I Would Rather Spend an Evening on a Web Scraper than Use Your App

Friday, May 23, 2025

#javascript #webdev

I'm an extremely stubborn person, especially when it comes to how I interact with technology. For example, I vastly prefer to listen to audio (music, textbook audio examples, etc.) offline and in my music player, ^[1] and I'm determined to ensure I can do that.

My partner's brother just got married, and since his spouse is Swedish and the U.S. is…*gestures vaguely at everything*, he's moving to Sweden. My partner is learning Swedish, and I think it could be fun to learn some too (I do like languages/linguistics). I have the textbook Complete Swedish: Beginner to Intermediate by Anneli Haake, and it seems great—aimed at self-teaching and includes audio resources. Unfortunately, the audio resources are either available through an online player or in the publisher's app. ^[2]

Since the online audio player embeds MP3s, and the links to the files are visible in the HTML source, I decided to make a web scraper to download the MP3s and use them how I want. Let's have a look at what that entails!

Understanding the Page Structure

First, I looked at the page source to see what I'm dealing with. I found a list of <item> elements, with the MP3s in the url="" field. There were two issues with this, however. First, these <item> elements don't show up until you click on the play button in the web player. This meant I had to do that manually and then download the HTML, rather than directly giving the URL to my scraper.

Second, the MP3 links in the url="" fields were relative links, and they didn't work when I appended them to the page URL. I also wasn't able to find the CDN URL for them by searching the page source. What did turn out to work was using the “Page Info” feature in Firefox. I clicked on the lock icon in the URL bar, followed by the “connection secure” field in the resulting menu…

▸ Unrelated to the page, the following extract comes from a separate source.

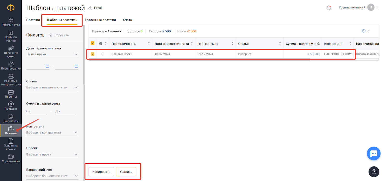 После сохранения во вкладке «Шаблоны платежей» появится новый шаблон.
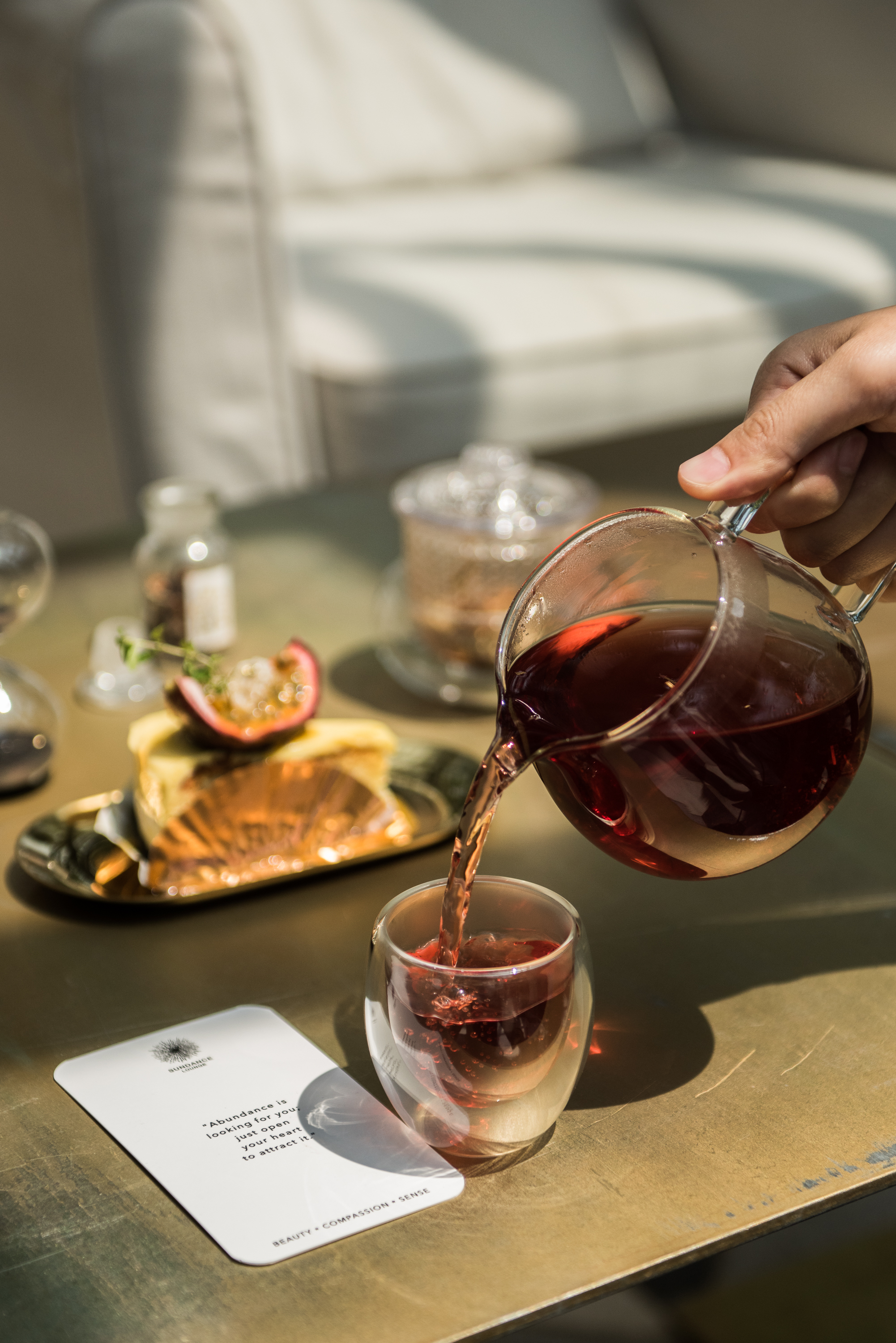 มาต่อกันที่คาเฟ่น้องใหม่ของ Seenspace Hua Hin อย่าง Sundance ห้องน้ำชาจากใบชาออร์แกนิคที่พิถีพิถันด้วยการส่งไปเบลนด์กลิ่นที่เยอรมัน จึงมากไปด้วยกลิ่นชาใหม่ ๆ ที่หลากหลาย อาทิ สมุนไพร เครื่องเทศ ผลไม้ และดอกไม้ ซึ่งเข้ากับคอนเซ็ปต์ที่ตกแต่งในบรรยากาศของกลาสเฮ้าส์ที่มีแสงแดดลอดผ่านต้นไม้ลงมากลางร้าน กระทบเข้ากับลูกบอลดิสโก้ จึงมีความระยิบระยับน่ามองคล้ายกับแสงแดดกำลังเต้นระบำ ใครที่มาถึงแล้วให้เริ่มต้นเลือกกลิ่นชาที่ชอบ ซึ่งแต่ละตัวจะมีไพ่ทาโร่ให้อ่านคำทำนาย เป็นคอนเซ็ปต์ที่ทางร้านอยากให้ทุกคนสนุกและประทับใจก่อนกลับบ้าน

screenshot of clicking on the lock icon in the corner of the Firefox address bar

…I clicked on “more information”…

screenshot of clicking the “more information” field in the dropdown from the previous step

…and in the resulting “Page Info” popup, I went to the “media” tab and looked for items with the type “Audio.”

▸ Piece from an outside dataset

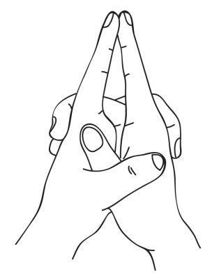 Кончик большого пальца, который расположен сверху, должен оказаться в промежутке между другим большим и указательным.
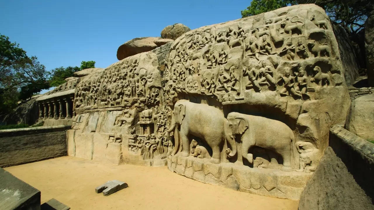Just a short walk away is the Descent of the Ganges, another captivating rock relief narrating the story of River Ganges’ descent from heaven, guided by Bhagiratha’s devotion. The dynamic compositions in these carvings breathe life into the ancient legends.

the Firefox “page info” menu, showing the link to an embedded MP3

By comparing the URL for the resulting media files to the relative URLs in the <item> HTML tags, I was able to get the CDN root URL for the files, which I confirmed to work with the relative URLs.

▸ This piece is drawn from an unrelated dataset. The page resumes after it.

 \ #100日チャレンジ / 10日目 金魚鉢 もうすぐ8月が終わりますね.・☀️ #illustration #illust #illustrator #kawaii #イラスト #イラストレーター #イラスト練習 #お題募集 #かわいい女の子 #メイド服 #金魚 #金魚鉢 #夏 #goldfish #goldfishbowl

Parsing the Page with Cheerio

I've played around a bit with the cheerio Node JS library for parsing HTML, and since I wanted some more experience with it for other projects anyway, ^[3] I decided to go with that. My resulting code is below.

index.js

import * as fs from 'fs';
import * as https from 'https';
import * as cheerio from 'cheerio';

const buffer = fs.readFileSync("swedish.html");
const $ = cheerio.loadBuffer(buffer)

const cdn_root = "https://cdn77.papertrell.com/AkplUGiYnqjKEYG4SiU1hQ==,1747972188/Consumers/004/Users/325/Publish/004325173/";

const item_list = $('item');

item_list.each((index, element) => {
    const media_url = $(element).attr('url');
    const file_name = media_url.split('/').pop();
    const file = fs.createWriteStream('output/' + file_name);
    const request = https.get(cdn_root + media_url, (response) => {
        response.pipe(file);
        file.on("finish", () => {
            file.close();
            console.log(`Downloaded ${file_name}`);
        })
    })
})

Cheerio uses a subset of jQuery's syntax. In line 6, I assign a cheerio object to the constant $ with the cheerio.loadBuffer() method. As I mentioned, I'm doing this with an HTML file I manually downloaded since I need to have clicked the play button.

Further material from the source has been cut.